What happens in the brain during the process of dying? Because a cardiac arrest involves a loss of consciousness, it could be assumed that brain activity declines as a person dies. Yet, people from all walks of life describe being highly lucid during near-death experiences, and a handful of animal studies show that brain activity actually increases at the moment of death.

A surge of activity

Ten years ago, a team of researchers led by Jimo Borjigin of the University of Michigan recorded a transient surge of electrical activity in the brains of rats immediately following fatal cardiac arrest. And a follow-up study just published in the Proceedings of the National Academy of Sciences shows that a similar pattern of activity also occurs in the dying human brain.    

The study was performed on four comatose patients who died in the neurointensive care unit at the University of Michigan hospital, all of whom had been on life support after sustaining extensive brain damage due to cardiac arrests in 2014. To investigate what happens in the brain at the moment of death, Borjigin and her colleagues analyzed electroencephalography (EEG) data from these four patients before and after their ventilator was switched off. 

Within seconds of the withdrawal of life support, two of the patients exhibited a surge of neurophysiological activity characterized by changes in several different brain wave “bands,” at both the local and global levels. High-frequency gamma waves (associated with attention and perception) and low-frequency beta waves (associated with focus and concentration) grew larger and became more tightly coupled in multiple brain regions. Additionally, brain waves of different frequencies within different regions in both hemispheres also became more synchronized with each other.       

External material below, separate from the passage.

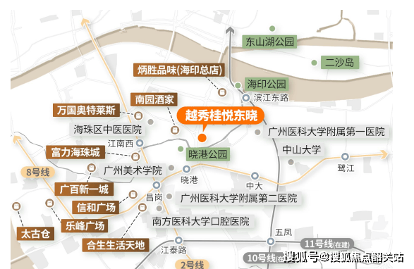 项目地处海珠成熟老城区腹地,步行约600米即达地铁8号线晓港站(约8分钟),同时临近2号线市二宫站与规划中的10号线滨江东站,形成三地铁环绕格局。通过8号线可快速换乘至昌岗、客村、琶洲等枢纽;自驾方面,依托东晓路、昌岗路、江南大道等主干道,配合海印桥、广州大道南,实现“0红绿灯”快速通达越秀、天河,约20分钟抵达珠江新城或琶洲会展核心区。项目虽处老城,却兼具高效通勤与生活烟火气,是典型“老城芯+快连CBD”的黄金区位组合。

Importantly, there appeared to be a transient increase in functional connectivity at multiple frequency bands within the so-called “hot zone” toward the back of the brain, which comprises several areas at the junction of the temporal, parietal, and occipital lobes and is thought to be crucial for conscious processing. Connectivity between this hot zone and parts of the frontal cortex also increased. 

Does this explain NDEs?

The study demonstrates that withdrawal of ventilatory life support triggers a transient surge of electrical activity throughout the brain. The researchers suggest that the pattern of brain activity they observed may account for subjective reports of vivid perceptions during near-death experiences. 

In this case, however, the dying patients were completely uncommunicative, so it cannot be concluded that the brain activity observed in the two of them was associated with a near-death experience. It may instead have been an artifact, or occurred as a result of some pathological process.  

Even so, the researchers argue that their findings warrant further investigation of “hidden” consciousness during cardiac arrest, and could hint at the brain mechanisms of human consciousness more generally.